One thing about Odawara that I didn’t expect on my first visit: it’s honestly a quieter, more low-key day than Kamakura or Nikko. The castle is the headline but it’s not the whole story. The kamaboko shops, the Tokaido-era sweet maker still selling herbal medicine to descendants of the Hojo’s allies, the bento maker on platform 6 — that’s the texture of the place.

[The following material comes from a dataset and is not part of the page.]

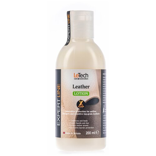 Защитный лосьон для кожи (Leather Lotion X-GUARD PROTECTED) – инновационное средство для питания и защиты кожаных изделий, специально разработанный для ухода за деликатными видами кож, анилинового и полуанилинового типа из которых производят кожаные куртки, перчатки, обувь, сумки и др. Защитный лосьон для кожи (Leather Lotion X-GUARD PROTECTED) - питает изделие из кожи и надежно защищает от негативных явлений окружающей среды, сохраняет их цвет и свойства кожи на протяжении всего срока эксплуатации. Лосьон создан специально для деликатных видов кож с использованием современной фторполимерной технологии X-GUARD и добавлением натуральных компонентов, инновационная рецептура состава обеспечивает выраженную грязеотталкивающую и гидрофобную защиту, а также обеспечивает необходимое питание кожи, улучшая ее тактильное восприятие. При нанесении лосьона, на поверхности кожи образуется равномерное защитное покрытие, которое предотвращает впитывание в кожу воды, масел, жиров и других видов загрязнений.

Build in time for the small stuff.
If you’ve got an extra day in your itinerary, consider doing this one alongside Kamakura and three days in Tokyo, with Odawara as your second day-trip — it’s the polar opposite of the Kamakura temple-and-shrine route, and seeing both gives you a much better sense of how the Tokaido road shaped this whole strip of coast between Tokyo and Mt Fuji.